Thank you, Gearoid4, I hadn't realised that about KH. As I have said previously, I think there are going to be a lot of people with egg all over their faces when the investigation is finished. I can see the media running up the drainpipes already. Now, I wonder where Mr. O'Dowd has gotten to? He slid in a nasty little one-liner on this post recently, I responded, but he left it. That's the problem with journo's - they just can't take it when it is THEY who are on the receiving end.
@Seano, Far from being a "beaten man", I will repeat my argument again which I have already stated several times, for your erudition and that of others, there is no toss-up between a pregnant woman's life on one hand and the fetus/embryo on the other(both have equal value), as a medical team should do all in their power to save the life of the mother(and baby if possible). There is nothing preventing doctors in Catholic ethics from directly intervening to save the life of the mother(and in some instances the child in the womb may die as an unintended consequence which is very tragic and is accommodated again within the Catholic medical ethos). There has been an interesting update on the "Savita" case, as it has been revealed that the Irish Times journalist, namely Kitty Holland had let the cat out of the bag with respect to the original claim(somewhat spurious to begin with) that the husband of Savita, Praveen had requested abortion to save his wife. When radio interviewer Marc Coleman of Newstalk 106, asked her, “You’re satisfied that he did request a termination?” Holland responded, “Oh, I’m not satisfied of anything.” This journalist had put a disclaimer in the English newspaper "The Observer" with regard to her account of the story there, to the effect that “The fact that Savita had been refused a termination was a factor in her death has yet to be established” which differed somewhat from her initial story in the "Irish Times" on November 14th, some days before that an abortion was definitely requested. Holland in stuttering fashion tried to paint Praveen as the source of this discrepancy as he got his timelines a "little muddled". It looks like some interesting developments have yet to unfold regarding this case.
Gearoid4 please answer the question.Your silence is deafening. Have you retired from the conversation a beaten man??
GavinE, your 3.55am post is excellent. Yes, it's really always about the "source" and never about the application of intelligence with the bitter anti-Catholics on here. As a published author I am greatly amused at the ease with which an illiterate Irish woman with a criminal background and history of lying could dupe 400,000 gullible souls desperate to affirm any nonsense that furthers their cause.
Oh, I see, anglo-norman, you think the Republican Party is involved in a "War on Women". What a Total Goofball you are. Now, don't get angry, Son. Remember, meditation, tranquility, apple blossom, jingle bells, falling petals. There now, sleep, Son, sleep ............
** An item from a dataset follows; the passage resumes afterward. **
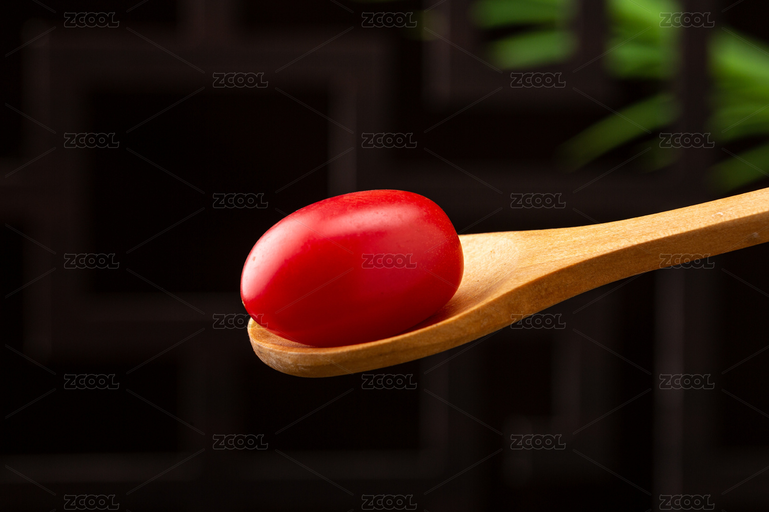 木纹背景上勺子里剥开的咸鸭蛋蛋黄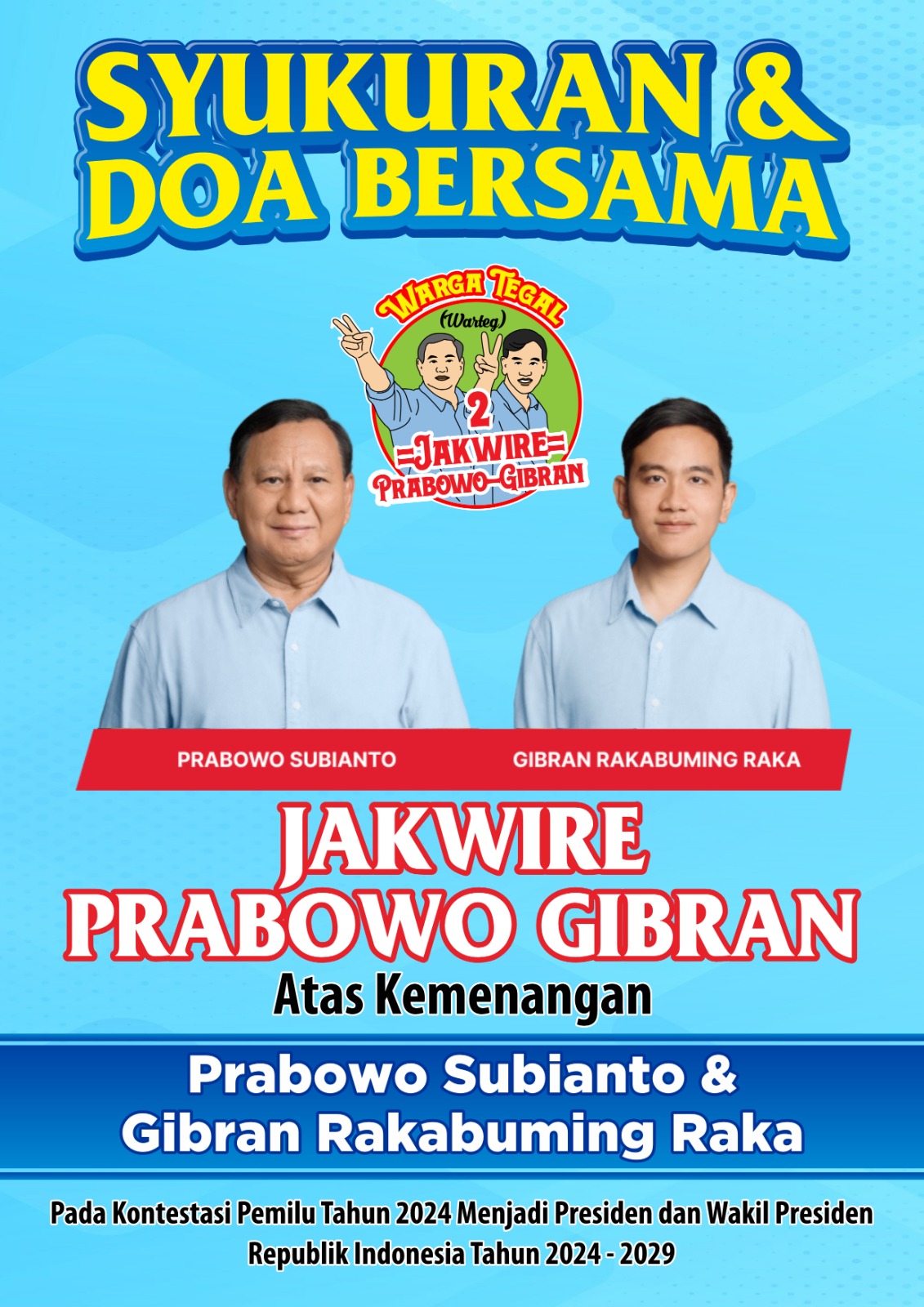 KabareTegal – Jakwire Prabowo Gibran menggelar acara syukuran dan doa bersama atas kemenangan Prabowo Subianto dan Gibran Rakabuming Raka pada kontestasi Pemilu 2024 menjadi Presiden dan Wakil Presiden RI Periode 2024-2029, di Raja Sunda Bekasi, Minggu (3/3/2024).

It does not matter who told the truth and who might have lied in Savita's case. Her case points up the inherent problem in Irish law, which remains problematic whatever the outcome of the inquiry into Savita Halappanavar's treatment in the Galway hospital. The problem lies in the "equal right to life" wording of section 40.3.3 of the Irish Constitution and in the 1861 law's section on abortion. These must be repealed. Savita's case, like other cases in which abortion is necessary to save one life and results in no unavoidable death, shows why it is not possible in practice, not at all "practicable," to save either life when medical treatment is constrained by the "equal" right of two: the pregnant woman and a non-viable foetus. A four-month foetus acquires stand-in advocates-- physicians, psychiatrists, and churchmen-- who effectively nullify the "equal right" of women in crisis pregnancy by their insistence on not killing the dying foetus by aborting it. Section 40.3.3 functions to mask, with a pious pretense of "equality," the same "let women die" approach that the GOP has taken to US abortion law in its war on women.
Well said, Mike Roe. Totally with you.